Energy consumption, energy efficiency and energy structure have direct effects (positive or negative) on climate change.

2.4. Digitalization Impact on GHG Emissions Through Energy

Digitalization plays a pivotal role in promoting the dissemination of renewable energy resources and fostering energy democratization [31,32]. The adoption of digital technologies supports ongoing reductions at the cost of renewable energy generation. By increasing the share of renewable energy in the energy market, digital technologies contribute to optimizing the energy structure. This shift gradually displaces fossil fuel power generation, thereby lowering the energy demand on both the supply and demand sides.

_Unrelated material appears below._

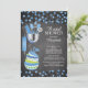 Modern stock the kitchen bridal shower invitation featuring a rolling pin, mixing bowl, spatula, pizza cutter, whisk, vegetable peeler and measuring spoons set on a contemporary chalkboard background with periwinkle blue & black polka dot confetti. Visit our shop to view this invitation in a variety of popular wedding shower invitations.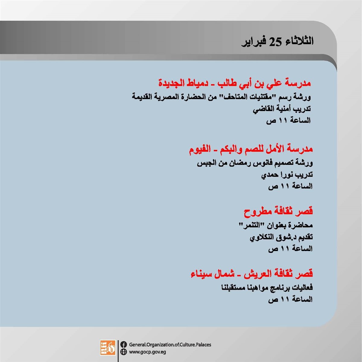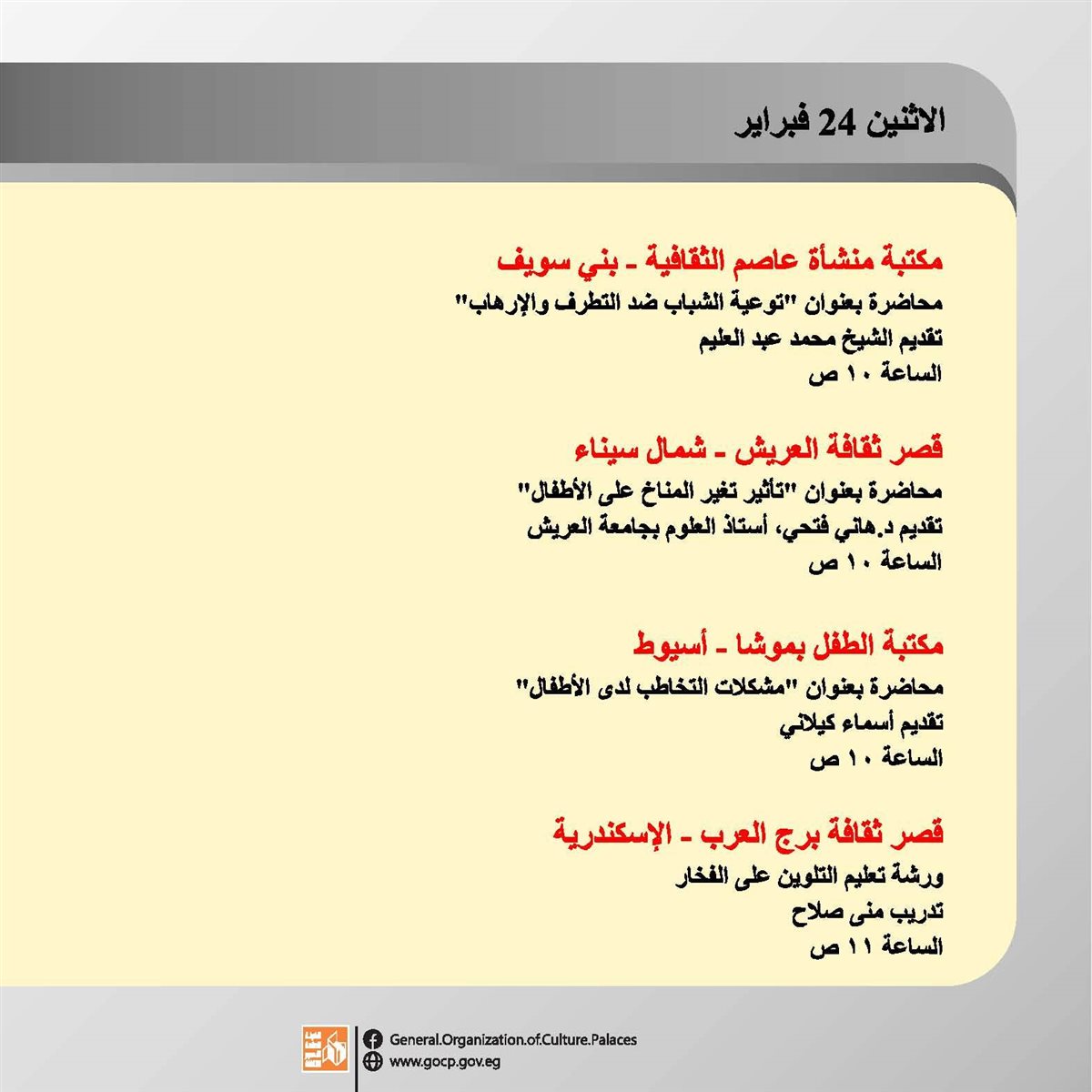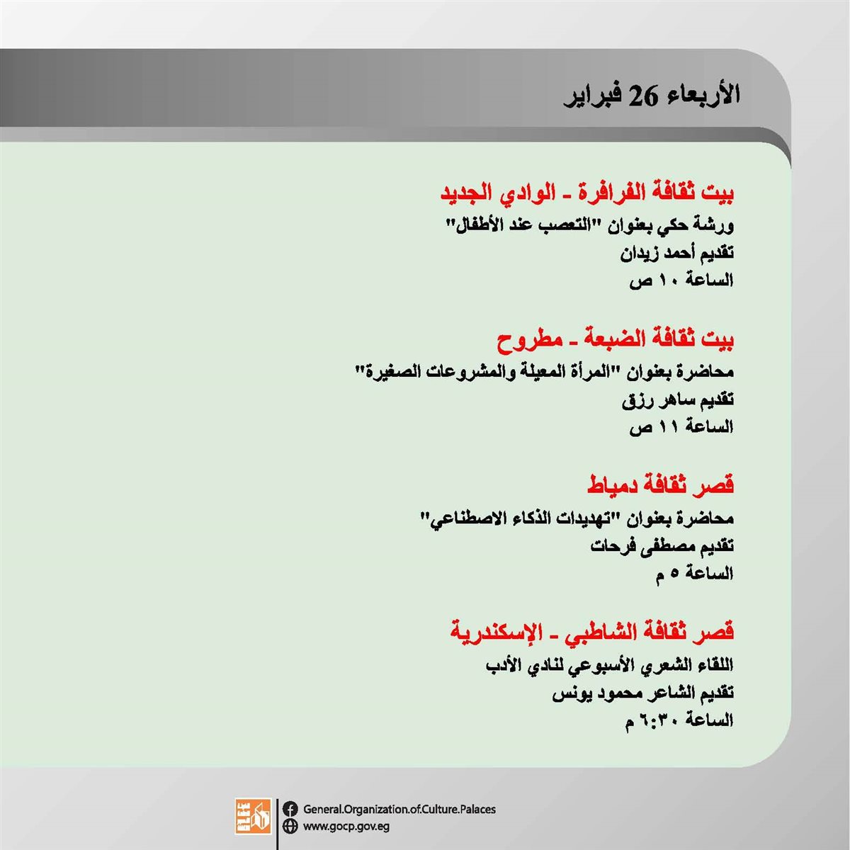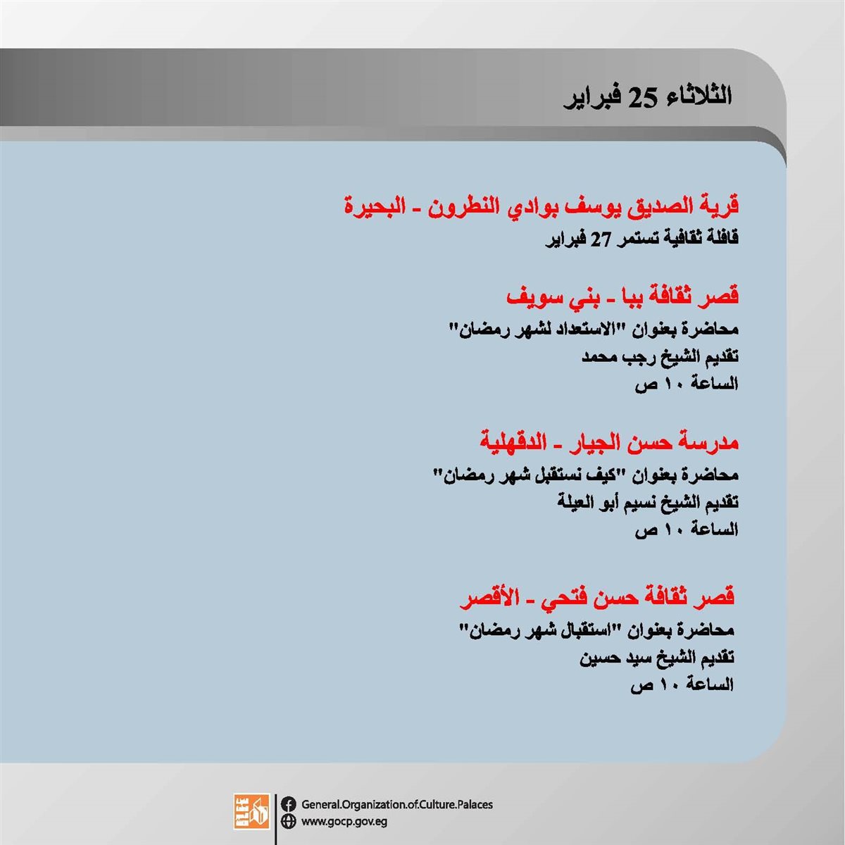 هذا وتحفل الأجندة بباقة متنوعة من اللقاءات التثقيفية والتوعوية، هذا بالإضافة الورش الفنية والحرفية، وعروض الموسيقى العربية والإنشاد الديني، والفعاليات المقامة استعدادا لاستقبال شهر رمضان الكريم.

Conversely, digitalization possesses the potential to indirectly intensify greenhouse gas emissions when it is integrated with fossil fuel-dependent systems. Ref. [35] highlight that the energy consumption associated with information and communication technologies significantly increases overall carbon dioxide emissions within economies reliant on fossil fuels. The rebound effects are notable, as while digital technologies can improve efficiency in some areas, they also require substantial energy and carbon-intensive materials, leading to increased overall emissions [8]. Firms adopt more efficient technologies, and the reduced costs may encourage greater usage; ultimately, this leads to increased energy demand and pollution of the environment [10]. In conclusion, it can be asserted that digitalization is anticipated to exert an indirect impact on GHG emissions through modifications in energy efficiency, consumption and energy structure, which culminates in the subsequent hypothesis:

H3: 

Digitalization has indirect effects (positive or negative) on GHG emissions as energy is a mediating factor.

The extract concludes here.